Exclude all pictures. Then restate, word for word, the entries from the first line through the line that contains "model as a flight".

+++ Material for this task

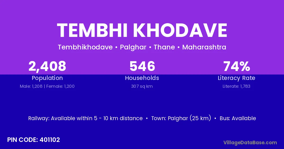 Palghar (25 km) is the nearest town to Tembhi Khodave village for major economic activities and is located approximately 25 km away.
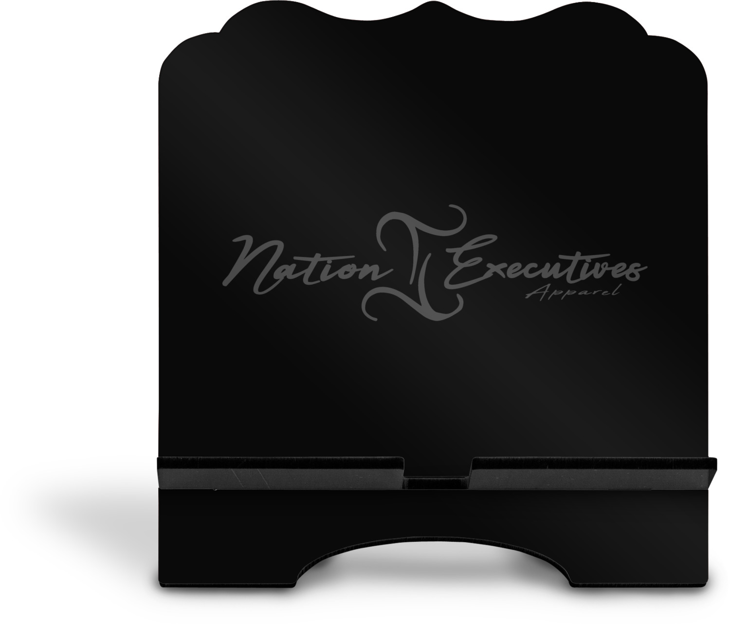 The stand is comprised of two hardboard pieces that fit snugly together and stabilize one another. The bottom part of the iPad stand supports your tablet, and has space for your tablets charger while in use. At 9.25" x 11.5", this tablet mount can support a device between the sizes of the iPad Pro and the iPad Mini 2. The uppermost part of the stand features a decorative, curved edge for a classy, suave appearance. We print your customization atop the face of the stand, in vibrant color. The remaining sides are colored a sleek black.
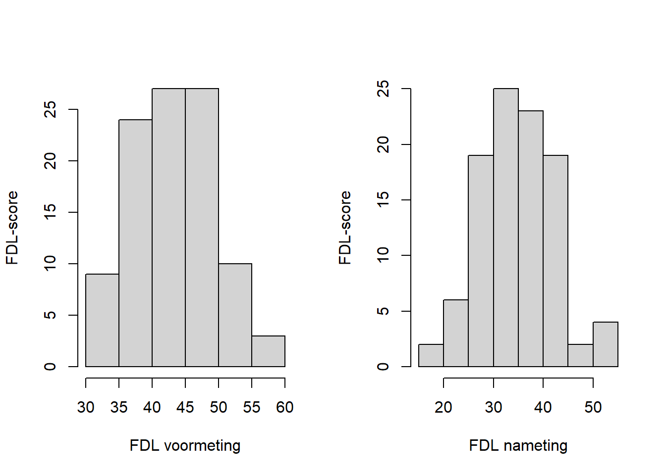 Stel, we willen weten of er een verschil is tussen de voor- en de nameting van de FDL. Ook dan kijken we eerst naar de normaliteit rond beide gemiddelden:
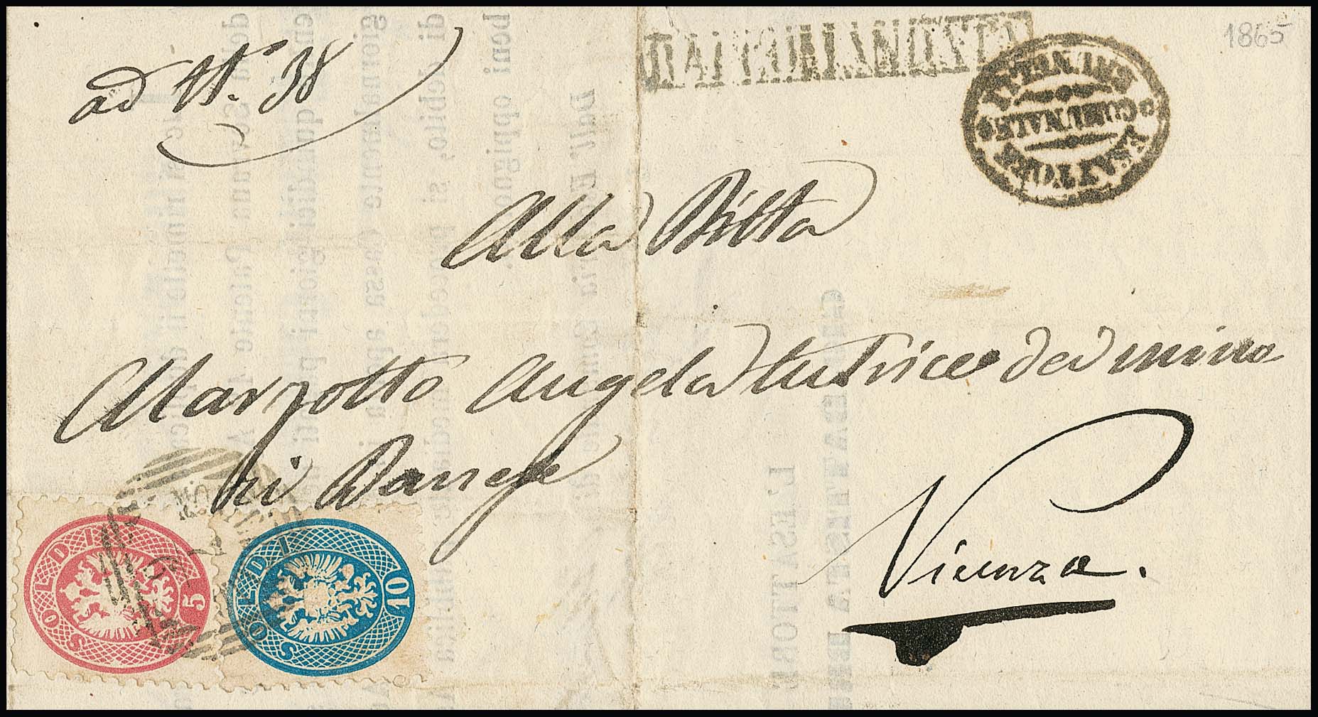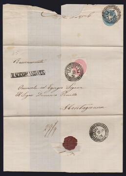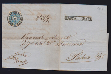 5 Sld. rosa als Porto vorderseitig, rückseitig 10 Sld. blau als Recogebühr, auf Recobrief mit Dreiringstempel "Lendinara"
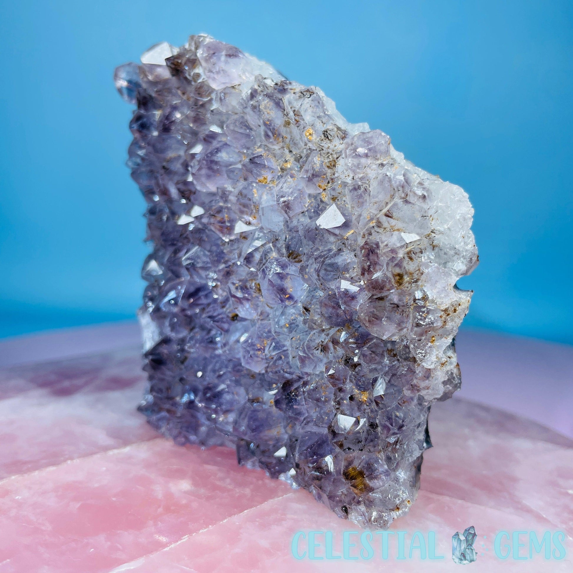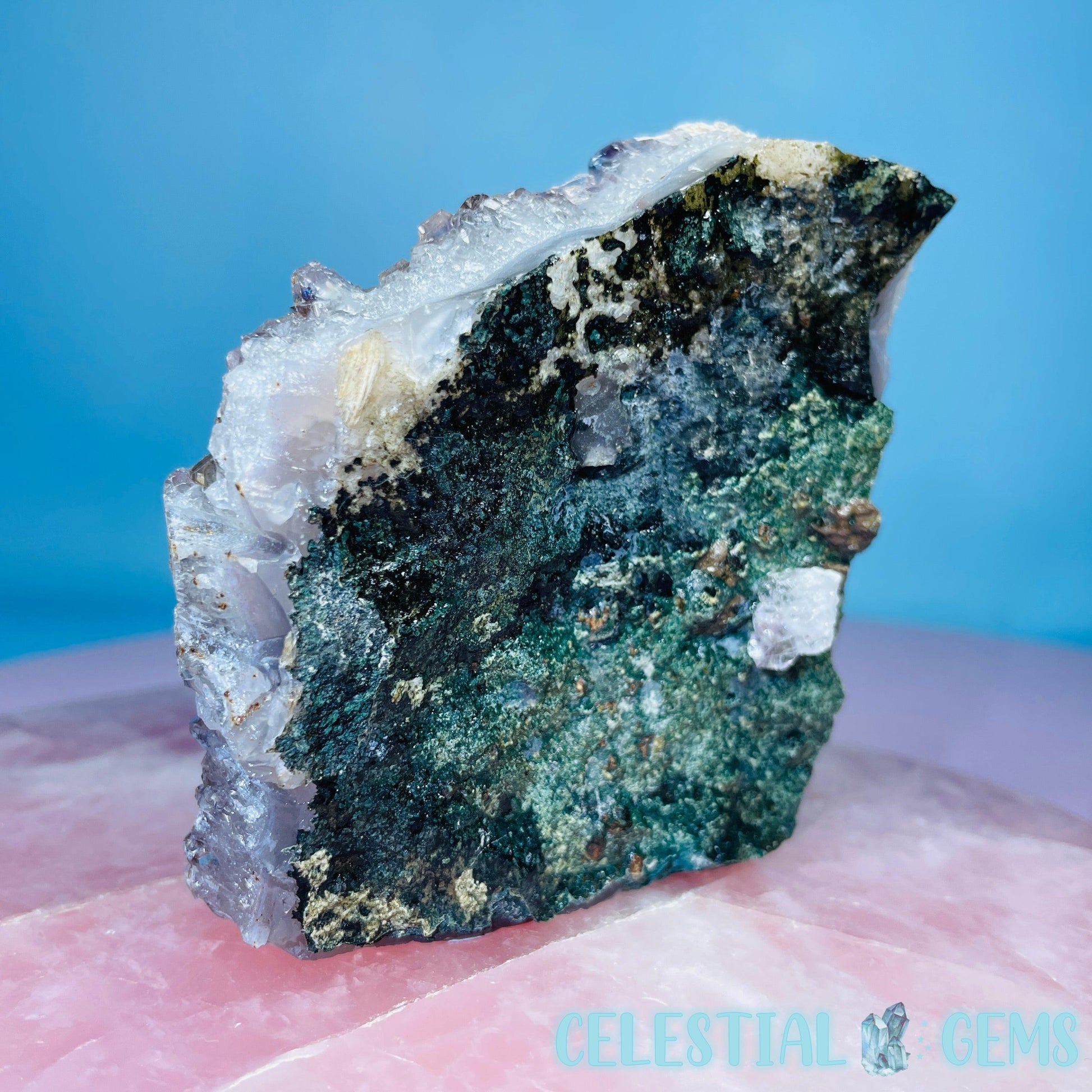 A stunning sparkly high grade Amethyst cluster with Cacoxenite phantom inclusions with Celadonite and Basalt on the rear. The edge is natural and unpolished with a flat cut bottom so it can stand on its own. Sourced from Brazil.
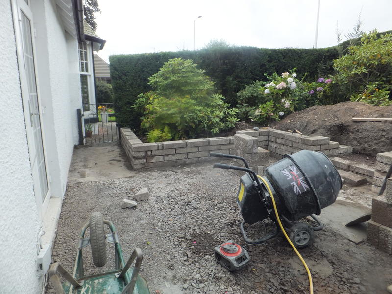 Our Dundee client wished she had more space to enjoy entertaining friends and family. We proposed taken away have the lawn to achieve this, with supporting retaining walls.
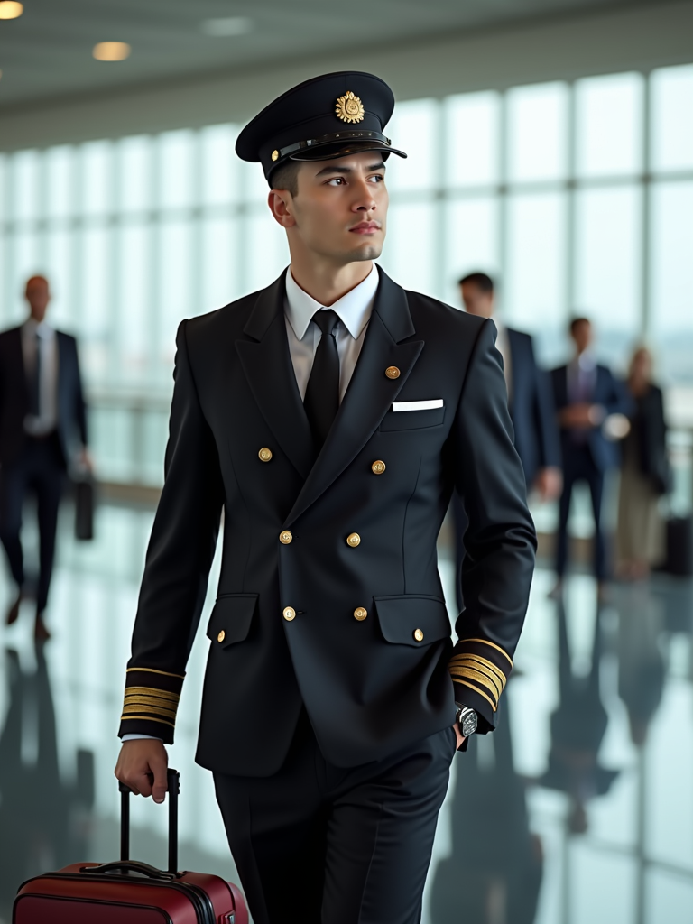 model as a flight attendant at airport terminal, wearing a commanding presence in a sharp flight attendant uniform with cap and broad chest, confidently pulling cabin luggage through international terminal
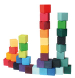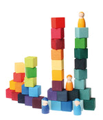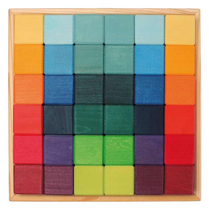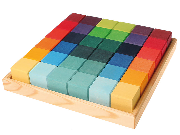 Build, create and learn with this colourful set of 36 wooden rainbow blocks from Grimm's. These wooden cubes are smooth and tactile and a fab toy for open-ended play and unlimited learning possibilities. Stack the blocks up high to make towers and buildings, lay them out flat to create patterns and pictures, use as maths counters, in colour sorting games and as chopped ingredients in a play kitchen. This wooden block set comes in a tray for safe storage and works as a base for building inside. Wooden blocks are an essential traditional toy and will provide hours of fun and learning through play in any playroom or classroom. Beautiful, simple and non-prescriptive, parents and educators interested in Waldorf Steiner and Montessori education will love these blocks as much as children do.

++++++

_Reply to the task_:
 Palghar (25 km) is the nearest town to Tembhi Khodave village for major economic activities and is located approximately 25 km away.
 The stand is comprised of two hardboard pieces that fit snugly together and stabilize one another. The bottom part of the iPad stand supports your tablet, and has space for your tablets charger while in use. At 9.25" x 11.5", this tablet mount can support a device between the sizes of the iPad Pro and the iPad Mini 2. The uppermost part of the stand features a decorative, curved edge for a classy, suave appearance. We print your customization atop the face of the stand, in vibrant color. The remaining sides are colored a sleek black.
 Stel, we willen weten of er een verschil is tussen de voor- en de nameting van de FDL. Ook dan kijken we eerst naar de normaliteit rond beide gemiddelden:
 5 Sld. rosa als Porto vorderseitig, rückseitig 10 Sld. blau als Recogebühr, auf Recobrief mit Dreiringstempel "Lendinara"
 A stunning sparkly high grade Amethyst cluster with Cacoxenite phantom inclusions with Celadonite and Basalt on the rear. The edge is natural and unpolished with a flat cut bottom so it can stand on its own. Sourced from Brazil.
 Our Dundee client wished she had more space to enjoy entertaining friends and family. We proposed taken away have the lawn to achieve this, with supporting retaining walls.
 model as a flight attendant at airport terminal, wearing a commanding presence in a sharp flight attendant uniform with cap and broad chest, confidently pulling cabin luggage through international terminal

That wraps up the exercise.